Preferably, the floating piston is two in number. One of the floating pistons is disposed in the inner oil chamber and located between the second guide end of the oil guide pipe and the control valve to divide the inner oil chamber into an upper oil area and a lower oil area. The other of the floating pistons is disposed between the inner and outer cylinders to separate the air chamber and the outer oil chamber. In this way, when control valve is located at the open position and the oil flows back into the oil guide pipe from the second oil end, the floating piston in the inner oil chamber is moved toward the oil guide pipe and the floating piston between the inner and outer cylinders is moved toward the bottom cover.

Other advantages and features of the present invention will be fully understood by reference to the following specification in conjunction with the accompanying drawings, in which like reference signs denote like components of structure.

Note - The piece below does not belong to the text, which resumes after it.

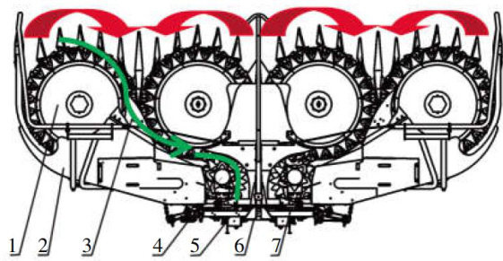 割台作为大型青贮机核心部件之一,其制造质量直接决定青贮机切割性能及切割效率;目前市场青贮机割台主要形式分为圆盘式和链刀式,且随着青贮饲料收获机市场结构的变化,圆盘式割台青贮机也占据了主流;圆盘割台主要结构如图1,其中集茎滚筒两两顺逆搭配组合,与清料器、塔轮配合工作组成物料运输通道,如图1标识方向。(剩余4882字)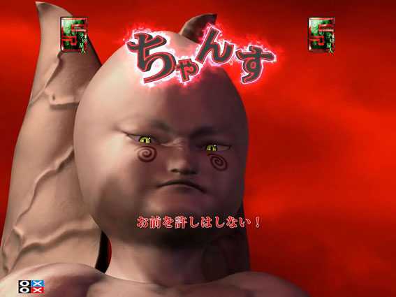 | トータル:9.7% ・テロップ赤:34.6% ・背景に赤い月:53.3% ・バスの落書き「ちゃんす」:50.9% ・バスの落書き「激あち」:90.2% ・終盤に「GANTZ」カットイン:48.1% ・GANTZフラッシュ発生:78.9% サプライズボタン:超激アツ |

BRIEF DESCRIPTION OF THE DRAWINGS

FIG. 1 is a perspective view of a dropper seatpost of a first embodiment of the present invention.

FIG. 2 is a sectional view of the dropper seatpost of the first embodiment of the present invention.

FIG. 3 is an enlarged view of the dropper seatpost of the first embodiment of the present invention, showing the top end of the inner tube.

FIG. 4 is a sectional view taken along line 4-4 of FIG. 3.

FIG. 5 is an enlarged view of FIG. 2, showing that the valve stem is located at the close position.

FIG. 6 is an enlarged view of FIG. 2, showing that the second oil guide member is abutted against the floating piston.

FIG. 7 is a similar to FIG. 5, showing that the valve stem is located at the open position.

FIG. 8 is similar to FIG. 4, showing that the knob is moved inward.

FIG. 9 is similar to FIG. 6, showing that the oil chamber is formed between the floating piston and the second oil guide member.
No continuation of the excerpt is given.